Here’s more of Mike as Normal Guy:
“At times, Mr. Pence can seem jarringly out of place, a clean-cut 1950s Republican cheerfully navigating the chaotic ‘Mad Max’ landscape created by the disruptive duo of Mr. Trump and Mr. Bannon, trying to stay engaged while remaining discernibly aloof from the less-savory aspects of serving in the Trump White House.”
Pence views such comparisons as offensive, according to a person familiar with his thinking, believing that while he and the president have contrasting styles, they are delivering the same message to different audiences and that the veep doesn’t act as some kind of translator. The Pence camp also insists that he and Priebus have worked well together in lobbying the Hill.
The Times story also mentions that Pence’s wife, Karen, was wary of Trump’s offer to put him on the ticket. Which brings me to a favorable profile of the second lady, also yesterday, in the Washington Post.

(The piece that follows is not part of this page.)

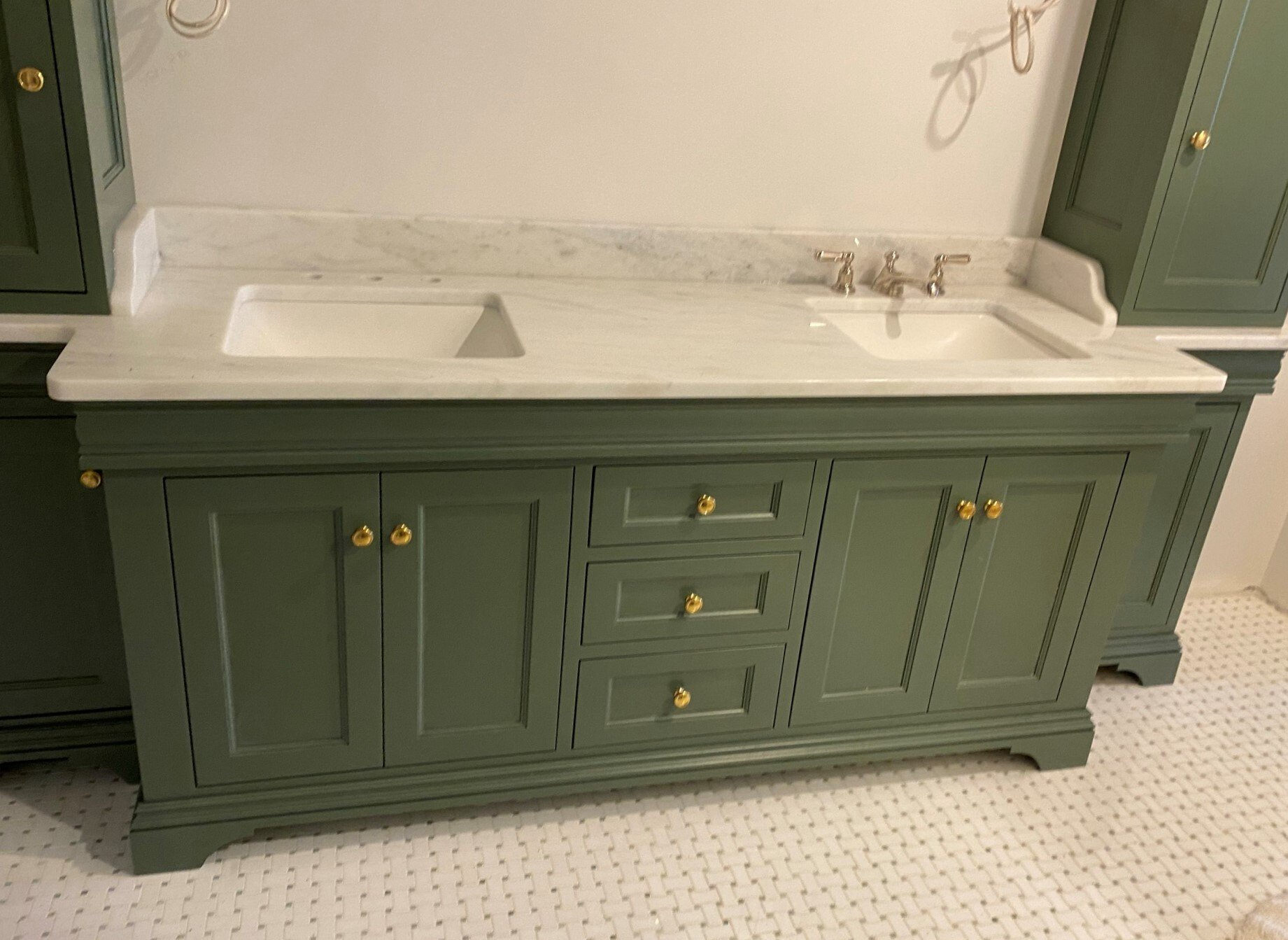 Top Molding Detail above the doors and a furniture style-baseboard bottom. Inset style and a linen cabinet on each side.

It begins with Pence having a red phone in his statehouse office to connect directly to his wife, “a reminder, both physical and symbolic, of the direct and enduring connection between Mike and Karen Pence.”

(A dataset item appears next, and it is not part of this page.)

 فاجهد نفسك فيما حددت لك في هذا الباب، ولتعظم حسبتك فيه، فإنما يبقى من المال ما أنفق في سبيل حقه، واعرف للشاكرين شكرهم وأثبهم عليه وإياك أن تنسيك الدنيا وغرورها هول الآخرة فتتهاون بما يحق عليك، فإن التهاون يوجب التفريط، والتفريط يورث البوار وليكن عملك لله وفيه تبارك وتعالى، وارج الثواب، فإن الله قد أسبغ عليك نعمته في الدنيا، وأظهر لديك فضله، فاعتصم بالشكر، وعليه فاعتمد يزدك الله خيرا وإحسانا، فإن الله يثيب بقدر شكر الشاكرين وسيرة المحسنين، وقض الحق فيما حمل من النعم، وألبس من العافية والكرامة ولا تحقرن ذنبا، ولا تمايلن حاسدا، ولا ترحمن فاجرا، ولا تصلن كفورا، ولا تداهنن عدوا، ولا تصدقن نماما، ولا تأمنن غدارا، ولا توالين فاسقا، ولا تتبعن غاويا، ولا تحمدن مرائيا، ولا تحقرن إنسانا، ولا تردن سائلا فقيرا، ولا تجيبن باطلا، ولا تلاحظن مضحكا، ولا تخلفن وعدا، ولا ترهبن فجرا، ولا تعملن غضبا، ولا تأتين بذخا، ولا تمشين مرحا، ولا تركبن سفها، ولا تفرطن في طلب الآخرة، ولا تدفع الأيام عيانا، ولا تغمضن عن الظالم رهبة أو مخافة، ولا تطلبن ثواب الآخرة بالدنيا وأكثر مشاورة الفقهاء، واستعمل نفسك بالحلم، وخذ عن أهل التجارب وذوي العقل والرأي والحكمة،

Karen Pence, the piece says, “remains an important influence on one of President Trump’s most important political allies. She sat in on at least one interview as the vice president assembled his staff, accompanied her husband on his first foreign trip and joins him for off-the-record briefings with reporters, acting as his gut check and shield.”
And they toured the Dachau concentration camp together, “often holding hands, and huddled together on the Air Force Two ride home to debrief on the trip.”
In a way, the Pences are attracting the kind of coverage that might normally go to the first lady. Think about Michelle Obama and Laura Bush and the portrayal of their pet projects.
But with Melania still living in Trump Tower, much to the frustration of the press, we get headlines like this one in the Post:
“In New York, Searching for the Reclusive and Elusive Melania Trump.”
The story says that “Melania Trump is a virtual shut-in, her refuge 58 stories above Manhattan’s hoi polloi and laden with enough gold to embarrass a Saudi prince.” This, in turn, means “an ever-clamorous chorus of gossipmongers, pundits, historians and even body-language experts dissect her every move, fashion choice and facial expression to unearth a true State of Melania.”
But even here the stark contrast surfaces, with former Trump executive Louise Sunshine quoted as saying Melania is trying to make her way “as the wife of a very impulsive, compulsive, erratic president.”
If Melania wants to stay in Manhattan raising 10-year-old Barron, in my view, she has every right to do so. But it so happens that she gave a speech yesterday at the State Department, presenting the International Women of Courage awards.
Usually it helps a president when his vice president generates positive headlines. That’s not necessarily the case with Trump, although if the media credit Mike Pence with doing a good job, it does remind us that the president's first major decision was to pick him.